(Directions): Return, exactly as written, the lines of the material from its top through the line with "Comedero/bebedero en cerámica", keeping pictures out.

(Data shown):
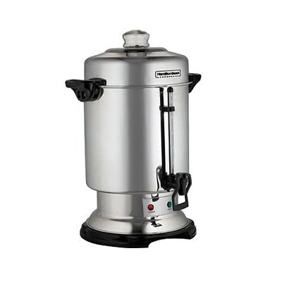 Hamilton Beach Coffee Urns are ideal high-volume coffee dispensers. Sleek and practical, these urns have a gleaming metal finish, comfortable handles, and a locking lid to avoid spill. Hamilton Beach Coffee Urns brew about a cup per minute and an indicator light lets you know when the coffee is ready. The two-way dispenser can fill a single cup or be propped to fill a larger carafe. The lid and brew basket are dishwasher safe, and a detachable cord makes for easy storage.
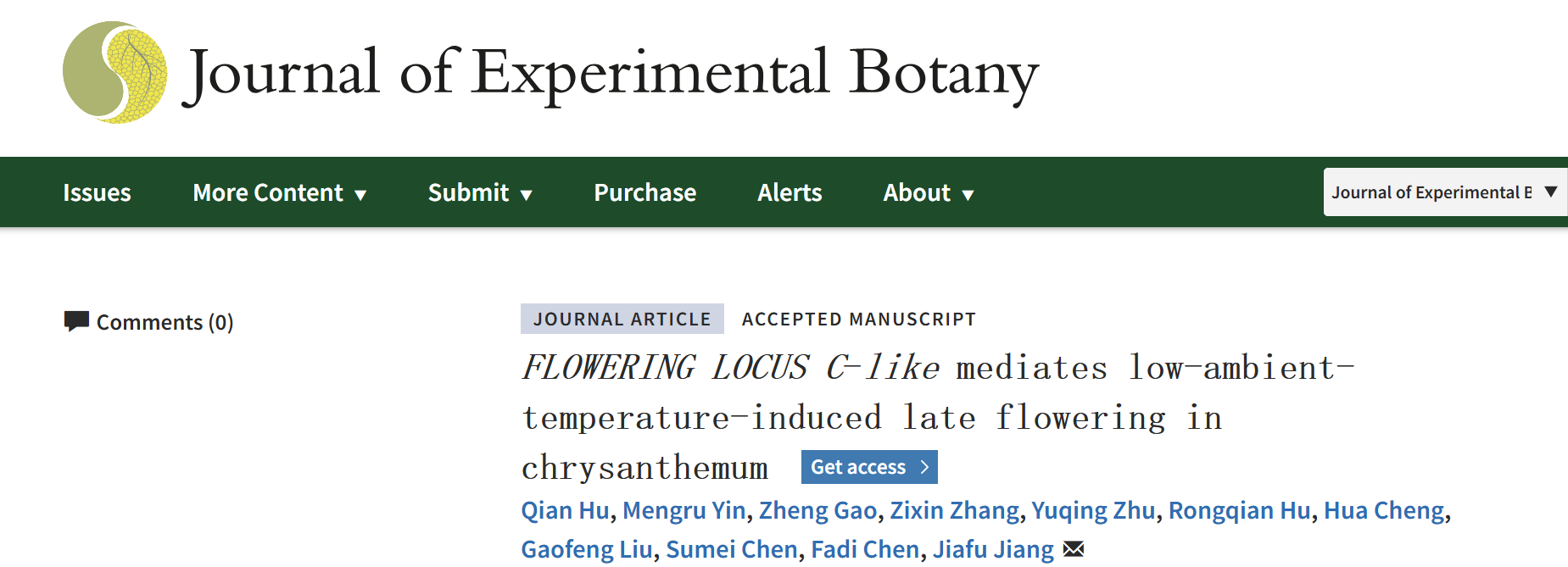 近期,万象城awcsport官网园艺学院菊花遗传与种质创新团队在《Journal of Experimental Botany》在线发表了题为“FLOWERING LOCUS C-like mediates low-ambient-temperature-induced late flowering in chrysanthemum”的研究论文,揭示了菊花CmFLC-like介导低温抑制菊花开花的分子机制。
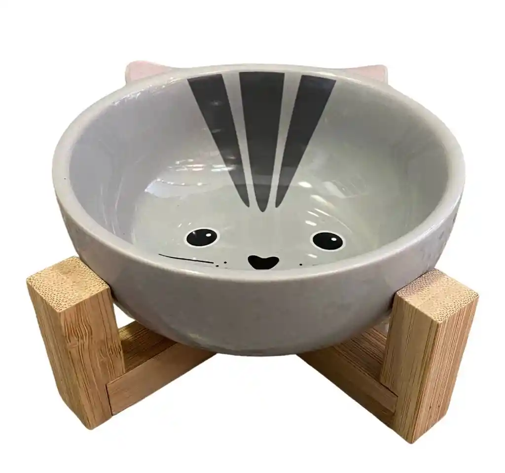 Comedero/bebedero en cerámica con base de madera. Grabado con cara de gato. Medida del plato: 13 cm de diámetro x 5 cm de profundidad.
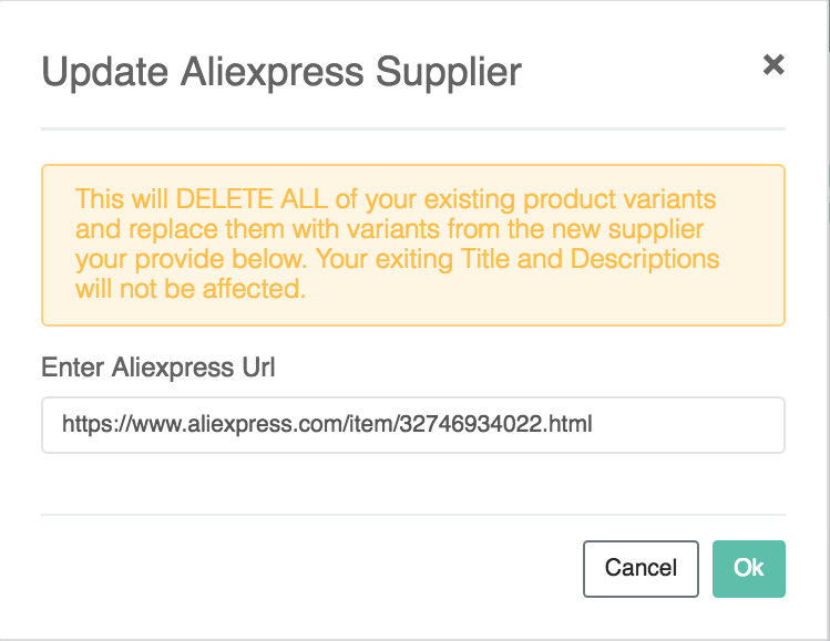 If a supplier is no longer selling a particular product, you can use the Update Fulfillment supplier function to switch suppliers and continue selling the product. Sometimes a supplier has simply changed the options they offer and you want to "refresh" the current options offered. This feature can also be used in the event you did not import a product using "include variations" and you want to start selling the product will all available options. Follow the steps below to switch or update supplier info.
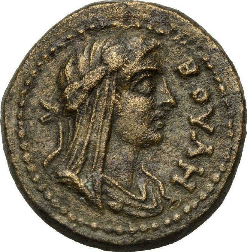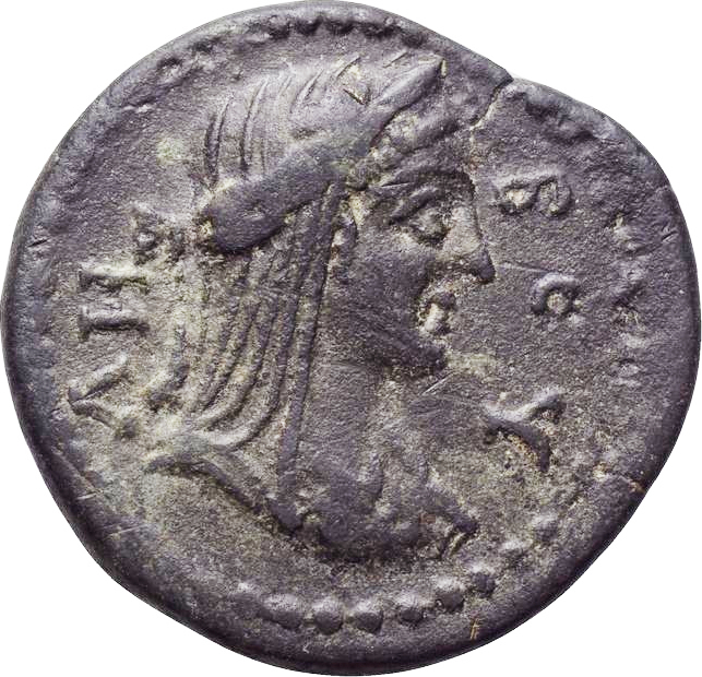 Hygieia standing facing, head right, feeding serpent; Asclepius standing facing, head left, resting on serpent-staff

(Answer below):
 Hamilton Beach Coffee Urns are ideal high-volume coffee dispensers. Sleek and practical, these urns have a gleaming metal finish, comfortable handles, and a locking lid to avoid spill. Hamilton Beach Coffee Urns brew about a cup per minute and an indicator light lets you know when the coffee is ready. The two-way dispenser can fill a single cup or be propped to fill a larger carafe. The lid and brew basket are dishwasher safe, and a detachable cord makes for easy storage.
 近期,万象城awcsport官网园艺学院菊花遗传与种质创新团队在《Journal of Experimental Botany》在线发表了题为“FLOWERING LOCUS C-like mediates low-ambient-temperature-induced late flowering in chrysanthemum”的研究论文,揭示了菊花CmFLC-like介导低温抑制菊花开花的分子机制。
 Comedero/bebedero en cerámica con base de madera. Grabado con cara de gato. Medida del plato: 13 cm de diámetro x 5 cm de profundidad.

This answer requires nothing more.